Armstrong School District could begin construction on its new high school in Manor as early as the end of the month if a few unforeseen obstacles are overcome, according to project manager Brian Hayes of L.R. Kimball.
“There's some additional work required on the new school project,” said Hayes, during the school board's open caucus on Thursday night at Dayton Elementary.
Hayes said the board will need to vote on paying fees for additional transportation services mandated by PennDOT and for additional sewage planning at the proposed site off Buffington Drive.
“The first one is for the traffic services we are doing,” said Hayes. “Since we started the project, we had been working with PennDOT and going through the plans for that work. The first step we did was the traffic study, but since it was submitted, PennDOT has come back with some additional comments that will require us to go back and revisit some of our initial calculations based on things they would like to see.”
Hayes said span wires that hold traffic lights and signs must be evaluated by an engineer anytime they are modified. Hayes also said a right-of-way plan regarding the traffic signal at the intersection of Buffington Drive and Route 422 must be in place and that Buffington will need to be widened to allow proper viewing angles. To do so, the architects plan to cut into the nearby hillside currently owned by Manor Township. Kimball will need to hire an outside consultant for the work, and solicitor Lee Price said that fee will be $26,500.
Hayes also said additional sewage planning has been required by the Department of Environmental Protection and that the state will require archaeological clearance of the site.
“That, again, is a service Kimball doesn't do,” said Hayes. “So we have to hire a consultant to do that work.”
Price said the cost of the additional sewage planning will be $28,500 and the cost of the archaeological study will be $20,113.
Hayes was optimistic that all of the agencies involved have been cooperative throughout the process, and he anticipates turnaround times to be expeditious.
After the meeting, president Joe Close remained undeterred.
“Even with this, we're still well under budget,” he said.”Hopefully we'll be able to turn all of this around quickly.”
In other news:
• The meeting took place at Dayton Elementary so that a sixth-grade general music class could put on a world drumming performance for the directors.

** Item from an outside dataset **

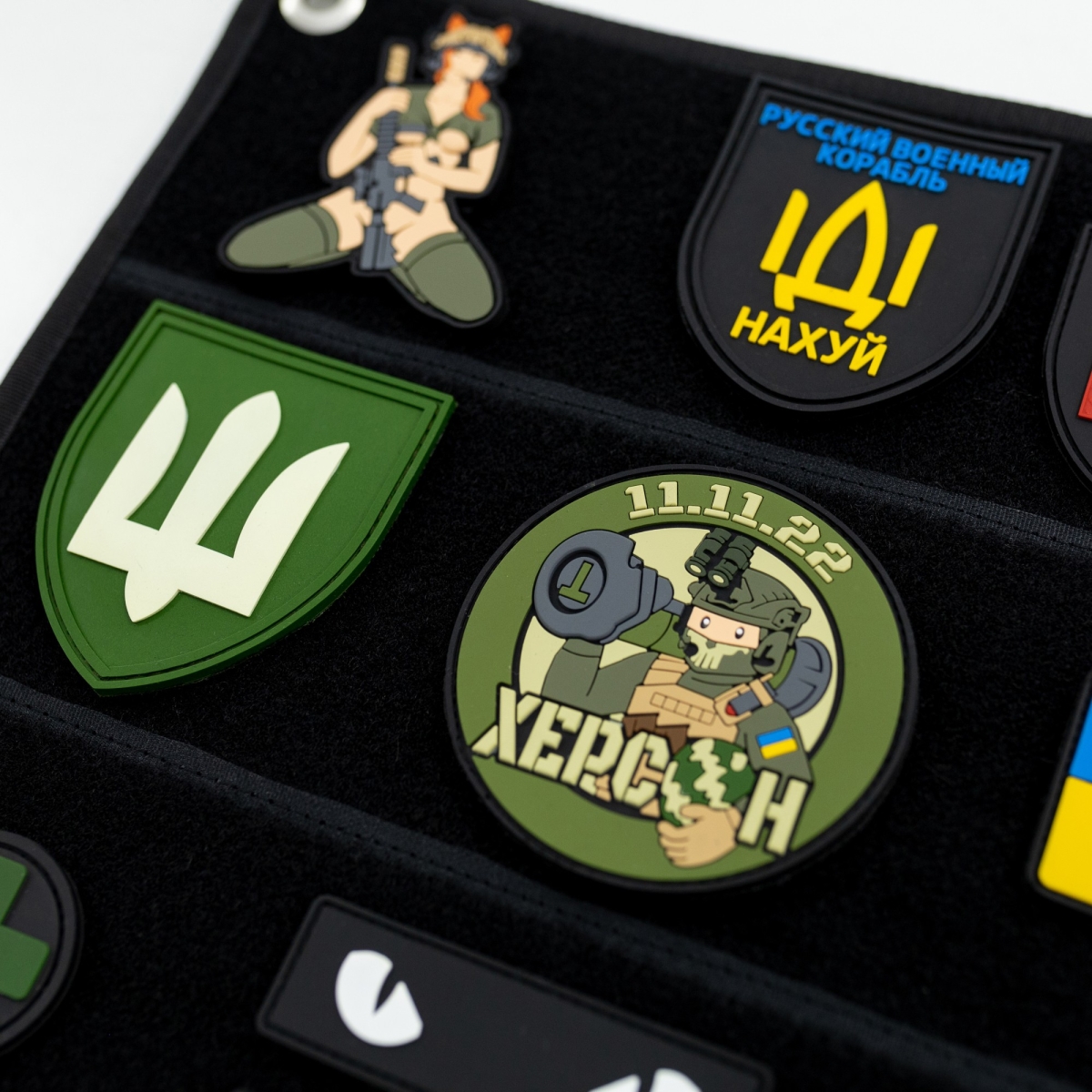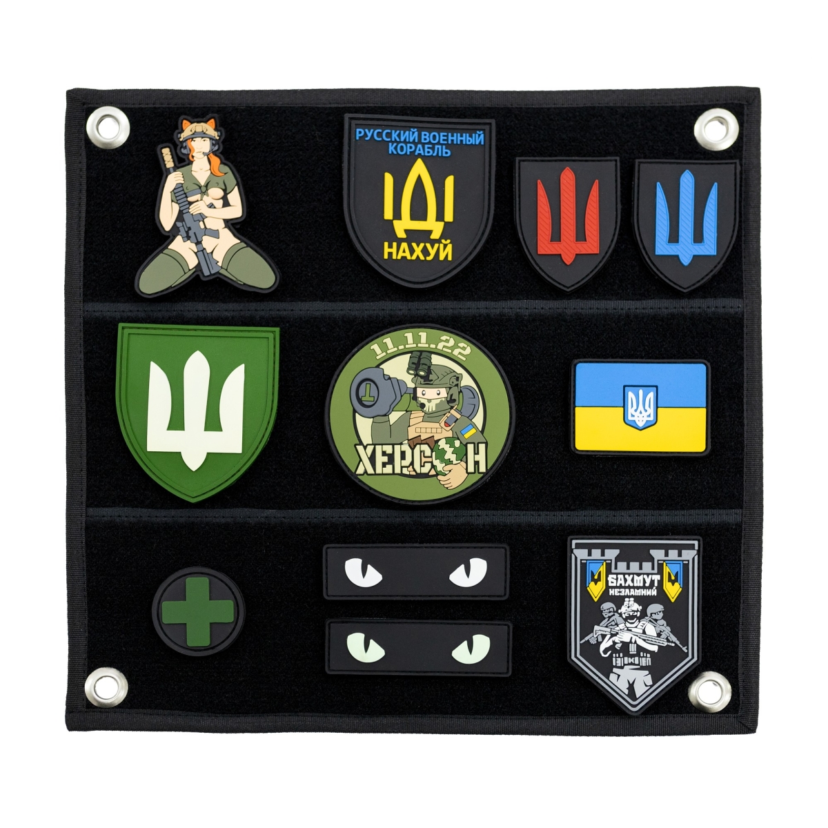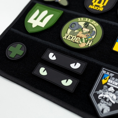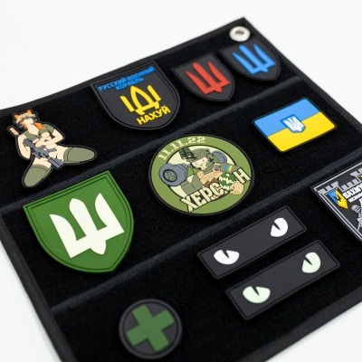 PVC chevrons with various designs are becoming more and more popular. If you have your own collection that needs to be conveniently stored and transported, Brand Element offers to buy a panel patch of its own production in the size you need. The soft and durable patch panel has holes for mounting on the wall or crossbar and a special firmware, thanks to which chevrons, stickers, badges are placed on it in a vertical and horizontal position, according to your wishes.

• Aflac associate Jeffrey Rood spoke to the directors about potentially offering Aflac services to all district employees. Although it would come to no cost to the district, the board was hesitant to make such a decision without first consulting with staff. Price said the district collectively decided about 17 years ago to use Colonial Life & Accident Insurance Co. for all interested employees and that opening the door to a new option could prove problematic down the road.